People read left to right. You want to lay out the text in a way that is
comfortable for the human eye. Center alignment is great when you have short
messages that can be read without shifting focus. It's not good to use when it
extends beyond the breadth at which the eye can read without moving. It's just
not what people are used to doing when they read blocs of text. Eye movement
generates eyestrain, and people get annoyed when their eye strains to read, so
they're more likely to get distracted and press 'back.'

It can still be in the center column, but it should still be left aligned.

It helps to think about it in terms of the eye's physical movements over a
page.

>One of the problems I aimed to solve was to reduce the "wall of text" effect
by splitting it up into tabs.

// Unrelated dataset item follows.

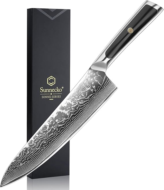 Sunnecko 包丁 牛刀 203MM ダマスカス 67層 ステンレス 鋼 家庭用 キッチン 両刃 万能 よく切れる 野菜 肉 魚 プレゼント 結婚祝い パン切り a a

How can I improve this without losing sight of
that goal?

Yeah, I understand your intent. If you want more substantiation you can run a
user test to see if people understand the layout and click through.

You can also read the classic 'Don't Make Me Think' by Steve Krug, which
explains why this sort of design element which seems to save space tends to
confuse users. While it's an older book, the advice still holds up.

You can achieve a similar result with a more modern 'long sales page' (ex.
[https://basecamp.com/](https://basecamp.com/)). The walls of text can be
broken up with headings, subheadings, and evocative images.

The reason why you see the signup buttons multiple times there is to give the
user a chance to convert at each stage. If the user isn't ready to sign up
yet, they scroll down, get a few more reasons why they should sign up, and
then repeat until they either close the tab, sign up, or click through for
more information about why they should sign up.

>What is the supporting copy?

The text that supports your sales pitch under the different tabs that's giving
the reader a reason why they should try your product. Try to condense the
sentences so that only the strongest points remain, and then build out from
there.